In Hecht v. United Collection Bureau, Inc.[1] a recent case from the Second Circuit Court of Appeals, the plaintiff, Ms. Hecht, appealed from a judgment of the U.S. District Court for the District of Connecticut which had rejected Ms. Hecht's Fair Debt Collections Practices Act ("FDCPA") claims against United Collection Bureau, Inc. ("UCB"), and had held that the judgment in the class action Gravina v. United Collection Bureau, Inc.[2] precluded her case under the doctrine of res judicata.[3]
In her appeal to the Second Circuit, Hecht did not dispute that res judicata applied; rather, she argued that binding her to the judgment in Gravina would violate due process because the notice of class certification and settlement in that case was constitutionally inadequate. The Second Circuit agreed.
Ms. Hecht's complaint against UCB in the lower court had alleged that debt collector UCB violated 15 U.S.C. 1692d(6) by placing telephone calls without meaningful disclosure of the caller's identity, and 1692e(11), by failing to disclose in its initial communication that the debt collector was attempting to collect a debt and that any information obtained would be used for that purpose. UCB responded with a motion to dismiss, arguing that Ms. Hecht's claims had already been litigated in Gravina. In support, UCB produced documents from the Gravina case that showed that the claims in that case were materially identical to Ms. Hecht's claims.
Included in those documents was the Gravina Settlement Order, which provided for each named class representative to receive $2,500, for the remainder of the class to get a negligible payment, which would be paid into the court's cy press[4] fund, and permanently enjoined UCB to use its best efforts to correct the behavior that had allegedly violated the FDCPA. With the court's approval, notice of the settlement was published in one national paper, USA Today, one time.
In the District Court, Ms. Hecht argued that the settlement did not bind her because it was published only once in one publication. The District Court disagreed, noting the "miniscule" amount of money at stake. Ms. Hecht appealed.
In deciding Ms. Hecht's appeal, the Appellate Court applied a two step analysis. First, stated the court, it must determine if Ms. Hecht had a due process right to notice and the opportunity to opt out of the Gravina settlement. If so, then it would decide whether the Gravina notice satisfied due process.

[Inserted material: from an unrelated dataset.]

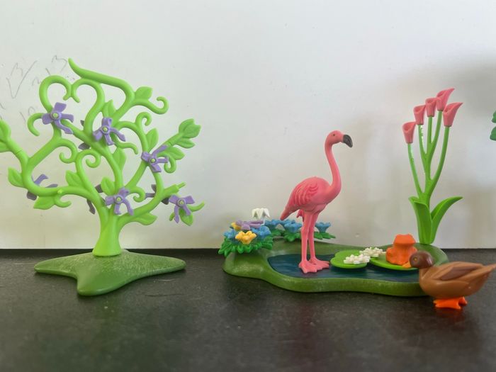 2 cerfs, 2 biches, 2 faons 1 personnage 1 étang avec un canard, une grenouille et un Flament rose Des plantes
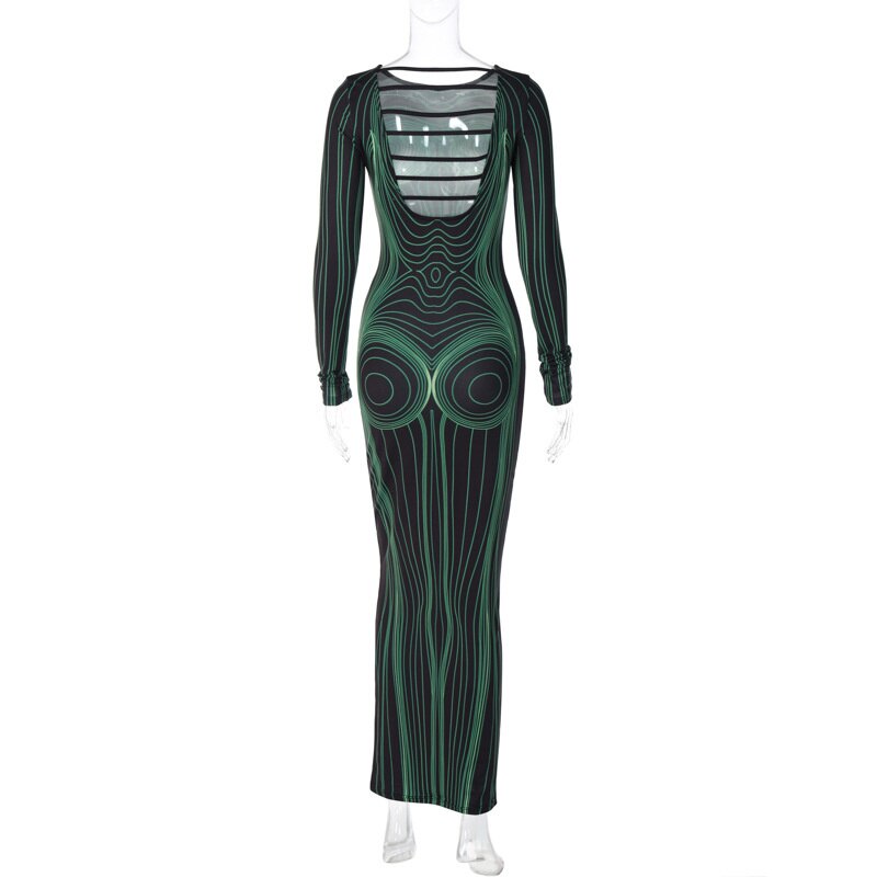 This long-sleeved maxi dress is a statement piece that is perfect for any occasion. The attractive green pattern is paired with a sexy neckline that features a flattering spandex material. Pair with a wide range of accessories to complete this flattering look.

In class action cases, Fed. R. Civ. P. 23, as interpreted by the Supreme Court in Wal-Mart Stores, Inc. v. Dukes,[5] provides that "absent class members have a due process right to notice and an opportunity to opt out of class litigation when the action is 'predominantly' for money damages." In the Gravina case, stated the court, the FDCPA does not allow for recovery for injunctive relief, nor did the plaintiffs ask for it in their complaint. Plaintiffs did, however, request maximum allowable money damages. Thus, the court concluded that the action was "predominantly for money damages," and that Ms. Hecht was entitled to the due process right to notice and the opportunity to opt out.
Turning to the sufficiency of notice in Gravina, the court cited to the notice standards as set forth by the Supreme Court in Mullane,[6] and noted that while "constructive notice by publication may be sufficient to satisfy due process," the single notice printed in USA Today in Gravina did not do so. In fact, stated the court, "It is difficult to imagine a manner of providing notice more akin to the "mere gesture" deprecated in Mullane, or less "reasonably calculated to apprise interested parties of the pendency of the action," than the Gravina notice."
Sheril Stanford
[1] 2010 WL 3538269 [2d Circ., August 17, 2012, No. 11-1327].
[2] No. 09-Civ. 4816 (E.D.N.Y. Nov. 29, 2010).
[3] A legal term defined most basically as "already legally decided," meaning that a court cannot hear the issue again.
[4] Essentially a charitable fund.
[5] 564 U.S. ___, 131 S. Ct. 2541, 2558-59 (2011).
[6] Mullane v. Cent. Hanover Bank & Trust Co., 339 U.S. 306, 315 (1950).